:: The data ::

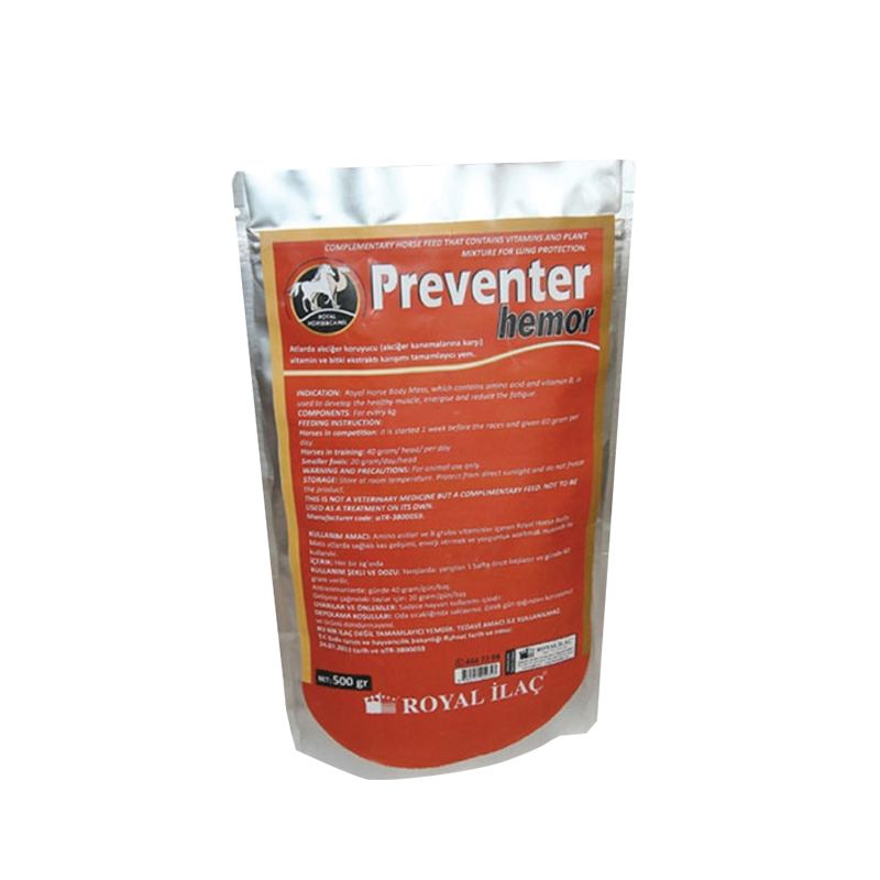 Atlarda akciğer koruyucu (akciğer kanamalarına karşı) vitamin ve bitki ekstraktı karışımı, tamamlayıcı yem.
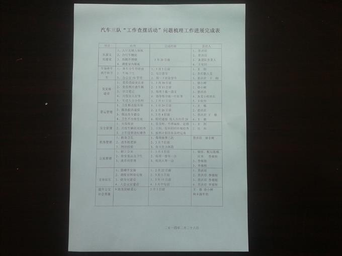 會上,車隊領導首先拋磚引玉,查擺梳理出車隊現行管理中存在的十個方面的問題,逐條進行了深入講解和剖析。隨后,車隊每名管理干部和管理人員也都對照自己的工作職責,從工作履職、工作態度、工作作風、工作效率四個方面進行了反思和查擺,客觀的分析總結了當前工作中的不足和存在的問題,提出自己整改的具體工作方向、整改步驟、整改的完成期限。
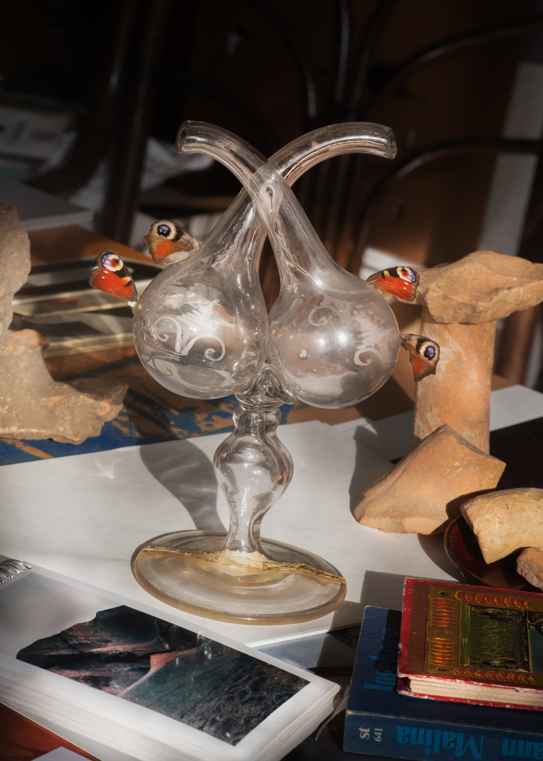 Das Genre des Stilllebens und installative Momente stehen im Zentrum von Susanna Hofers fotografischer Praxis. Sie sammelt Versatzstücke aus der alltäglichen Dingwelt und der Natur und arrangiert sie mit den Mitteln der Produkt- und Werbefotografie zu präzise komponierten Bildern. Formal finden sich sowohl Bezüge zur Stilllebenmalerei des Barock als auch zu den Objets trouvés und Collagen des Surrealismus und der Dada-Bewegung. Inhaltlich interessiert sich Hofer für die immanenten Eigenschaften und symbolhaften, kulturellen, sozialen oder individuellen Bedeutungen der Dinge, die in ungewohnten Ensembles, herausgerissen aus ihren ursprünglichen Zusammenhängen eine neue Wirkkraft entfalten. In Schwarzenberg dienen ihr unter anderem Kuriositäten aus den Sammlungen des Museums als Ausgangsmaterial. Diese Gegenstände und Geschichten verwebt Hofer mit den mythologischen Sujets von Angelika Kauffmann und persönlichen Assoziationen zu visuell-narrativen Tableaus, die von der Schönheit im Gewöhnlichen, Liebesdingen und der Vergänglichkeit erzählen.
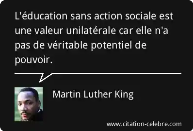 Citation Martin Luther King education : L'éducation sans action sociale est une valeur unilatérale car elle...
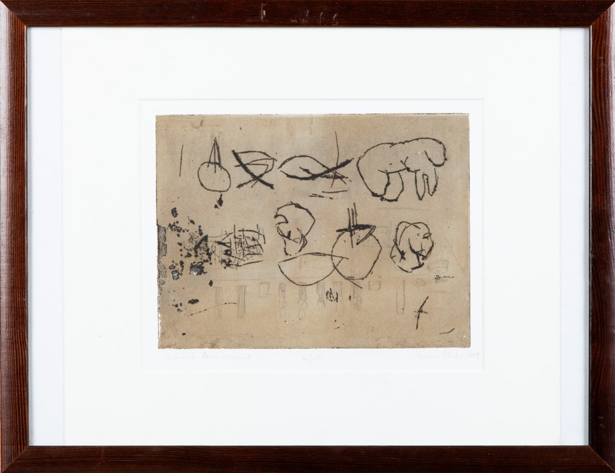 akwaforta, akwatinta, sucha igła, odbitka barwna, papier; 16,5 x 22 cm (odcisk płyty), 33,5 x 43,5 cm (oprawa, rama); opisana u dołu "Ancient Reminiscent" E/A Marianna Stuhr 2009; odbitka próbna

:::

What you should do
Only the words belong in your copy: restate the data above exactly and leave the images out.

Answer section
 Atlarda akciğer koruyucu (akciğer kanamalarına karşı) vitamin ve bitki ekstraktı karışımı, tamamlayıcı yem.
 會上,車隊領導首先拋磚引玉,查擺梳理出車隊現行管理中存在的十個方面的問題,逐條進行了深入講解和剖析。隨后,車隊每名管理干部和管理人員也都對照自己的工作職責,從工作履職、工作態度、工作作風、工作效率四個方面進行了反思和查擺,客觀的分析總結了當前工作中的不足和存在的問題,提出自己整改的具體工作方向、整改步驟、整改的完成期限。
 Das Genre des Stilllebens und installative Momente stehen im Zentrum von Susanna Hofers fotografischer Praxis. Sie sammelt Versatzstücke aus der alltäglichen Dingwelt und der Natur und arrangiert sie mit den Mitteln der Produkt- und Werbefotografie zu präzise komponierten Bildern. Formal finden sich sowohl Bezüge zur Stilllebenmalerei des Barock als auch zu den Objets trouvés und Collagen des Surrealismus und der Dada-Bewegung. Inhaltlich interessiert sich Hofer für die immanenten Eigenschaften und symbolhaften, kulturellen, sozialen oder individuellen Bedeutungen der Dinge, die in ungewohnten Ensembles, herausgerissen aus ihren ursprünglichen Zusammenhängen eine neue Wirkkraft entfalten. In Schwarzenberg dienen ihr unter anderem Kuriositäten aus den Sammlungen des Museums als Ausgangsmaterial. Diese Gegenstände und Geschichten verwebt Hofer mit den mythologischen Sujets von Angelika Kauffmann und persönlichen Assoziationen zu visuell-narrativen Tableaus, die von der Schönheit im Gewöhnlichen, Liebesdingen und der Vergänglichkeit erzählen.
 Citation Martin Luther King education : L'éducation sans action sociale est une valeur unilatérale car elle...
 akwaforta, akwatinta, sucha igła, odbitka barwna, papier; 16,5 x 22 cm (odcisk płyty), 33,5 x 43,5 cm (oprawa, rama); opisana u dołu "Ancient Reminiscent" E/A Marianna Stuhr 2009; odbitka próbna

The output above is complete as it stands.